ACTION ITEM:
Set down the final stretch of the data, from the line that holds "Thomas Darling Preserve in Blakeslee." through the last line, both included, with pictures left out.
┌─ EXERCISE INPUTS
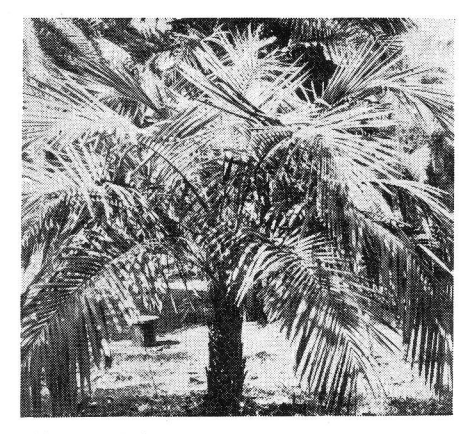
Fig. 43. A young tree of Arikuryroba schizophylla six and one-half years after planting out at the Sub-Tropical Experiment Station, Homestead, Florida.

below, colored dark purple-black especially on the margins. Somewhat weak but nevertheless sharp, upward-curving spines \frac{1}{4} - \frac{1}{2} inch long are produced along both margins of the upper part of the petiole, these becoming smaller and further apart or absent toward the blade. The rachis is round below with a prominent elongated pointed ridge above.
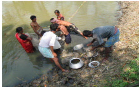
Sale of fishes directly from the pond

ket linkage. The women are now not only practicing fish culture for household consumption but some members have also taken ponds on lease to produce fishes on a commercial scale.
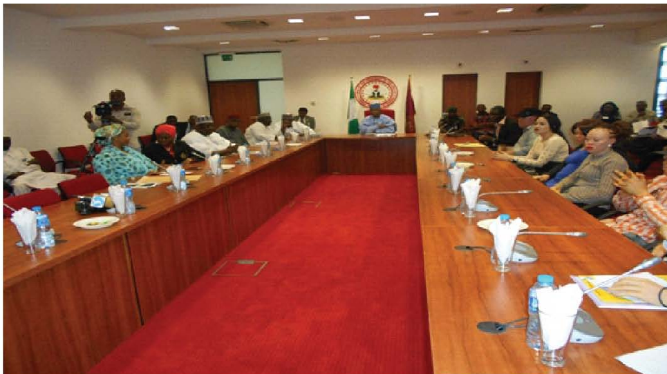
Advocacy visit to the Senate President

Finally, there was a technical workshop to further educate and sensitize PWA, parents and members of the public who were present at the event on how to mitigate the health challenges facing PWAs. The topics treated at the workshop were; “Skin Cancer Prevention in Albinism” ; “Managing Low Vision in Albinism” and “Confidence-Building in Persons with Albinism” .
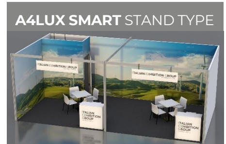
A4LUX SMART STAND TYPE
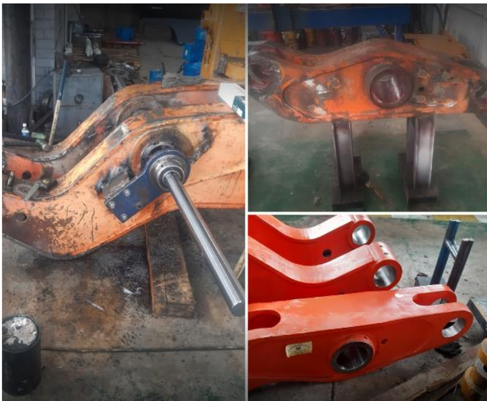
Fig B – Before and after scenarios on an LHD H Frame and Swing Lever
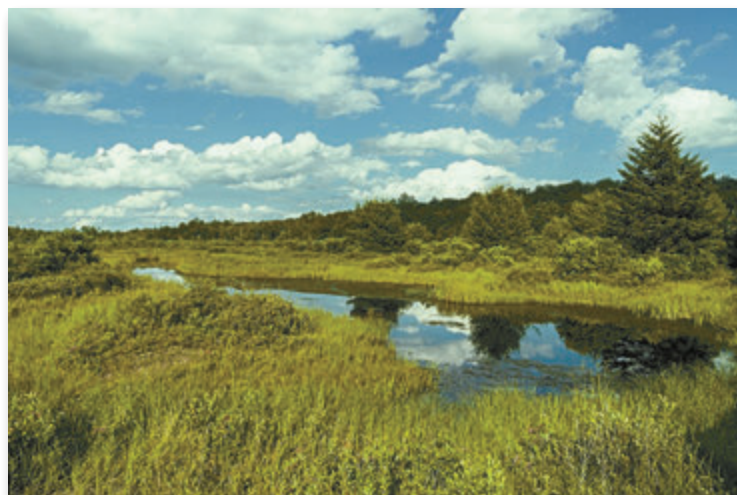
Thomas Darling Preserve in Blakeslee.
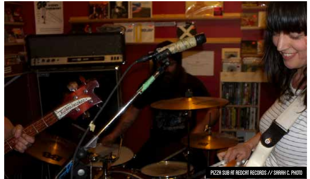
PIZZA SUB AT REDCAT RECORDS
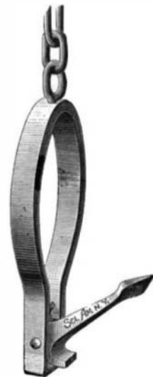
A Novel Anchor.

The engraving represents an improved anchor recently patented by Messrs. Spedden & Stafford, of Astoria, Oregon. It consists in a single fluke pivoted in a frame and provided with cam-shaped tripping arms at its base. The frame or shank serves both as a shank and stock, and it has no projecting arms to entangle the cable or chains so as to foul it, and its action is rendered positive by the action of the trip arms.
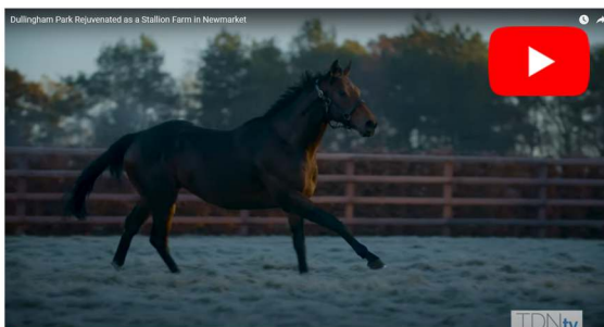
Dullingham Park Rejuvenated as a Stallion Farm in Newmarket
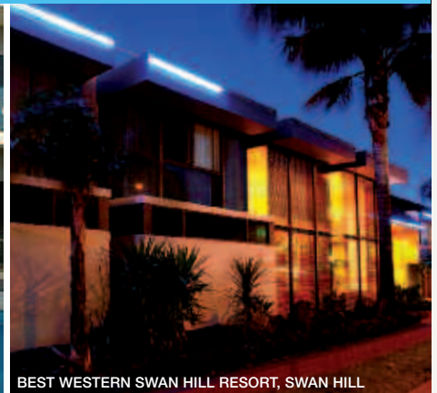
BEST WESTERN SWAN HILL RESORT, SWAN HILL

Best Western Australasia offers a comprehensive hotel pass program giving travellers flexibility and convenience for a pre-booked or 'go-as-you-please' holiday.
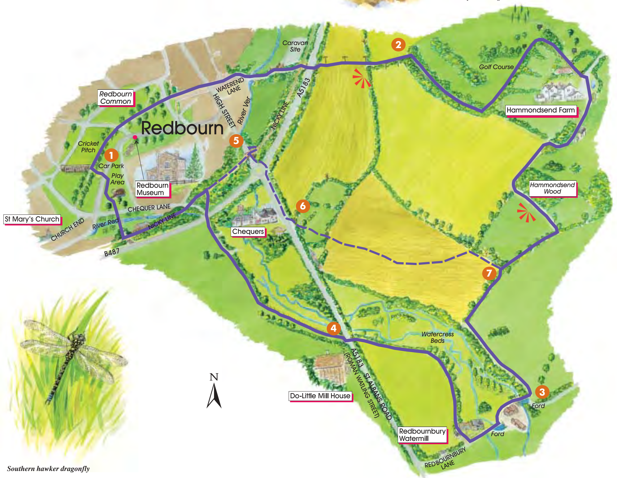
Southern hawker dragonfly
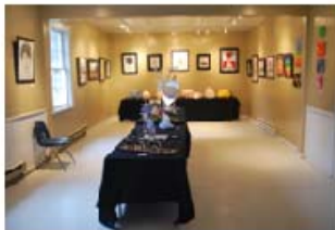
Offspring Art Show at Boynton House
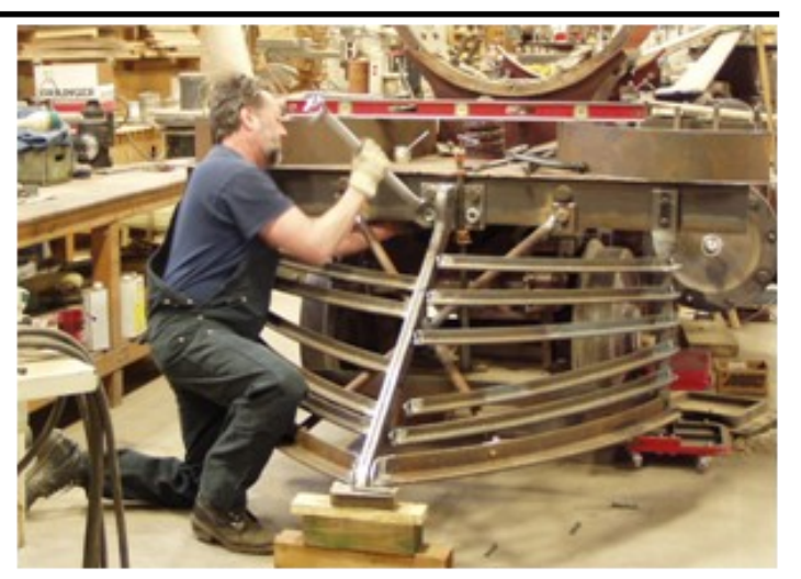
Restoration Specialist Rick Stiver fabricates the new pilot. February 2012

The caulking edges were chipped and ground. The original front tube-sheet was sandblasted and inspected for signs of delamination. It appears to be in very good condition. Although it will require some minor attention prior to installation, it is very serviceable. The smokebox was brought into the shop and set on the cylinder saddle preparatory to laying out the boiler courses. Flagging of the rear tube-sheet was started and is progressing on schedule.
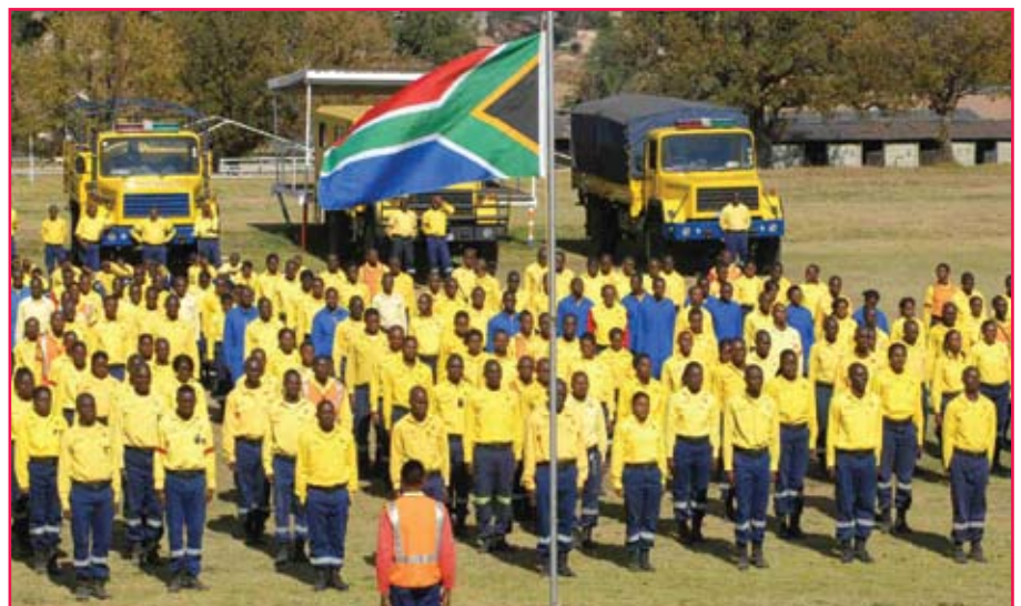
Passing out parade of Working on Fire wildfire fighters in Ermelo, South Africa. Photo by Bruce Sutherland, 2008

Apart from the ground crews, WoF comprises several other compo-
└─
TASK ANSWER:
Thomas Darling Preserve in Blakeslee.
PIZZA SUB AT REDCAT RECORDS
A Novel Anchor.

The engraving represents an improved anchor recently patented by Messrs. Spedden & Stafford, of Astoria, Oregon. It consists in a single fluke pivoted in a frame and provided with cam-shaped tripping arms at its base. The frame or shank serves both as a shank and stock, and it has no projecting arms to entangle the cable or chains so as to foul it, and its action is rendered positive by the action of the trip arms.
Dullingham Park Rejuvenated as a Stallion Farm in Newmarket
BEST WESTERN SWAN HILL RESORT, SWAN HILL

Best Western Australasia offers a comprehensive hotel pass program giving travellers flexibility and convenience for a pre-booked or 'go-as-you-please' holiday.
Southern hawker dragonfly
Offspring Art Show at Boynton House
Restoration Specialist Rick Stiver fabricates the new pilot. February 2012

The caulking edges were chipped and ground. The original front tube-sheet was sandblasted and inspected for signs of delamination. It appears to be in very good condition. Although it will require some minor attention prior to installation, it is very serviceable. The smokebox was brought into the shop and set on the cylinder saddle preparatory to laying out the boiler courses. Flagging of the rear tube-sheet was started and is progressing on schedule.
Passing out parade of Working on Fire wildfire fighters in Ermelo, South Africa. Photo by Bruce Sutherland, 2008

Apart from the ground crews, WoF comprises several other compo-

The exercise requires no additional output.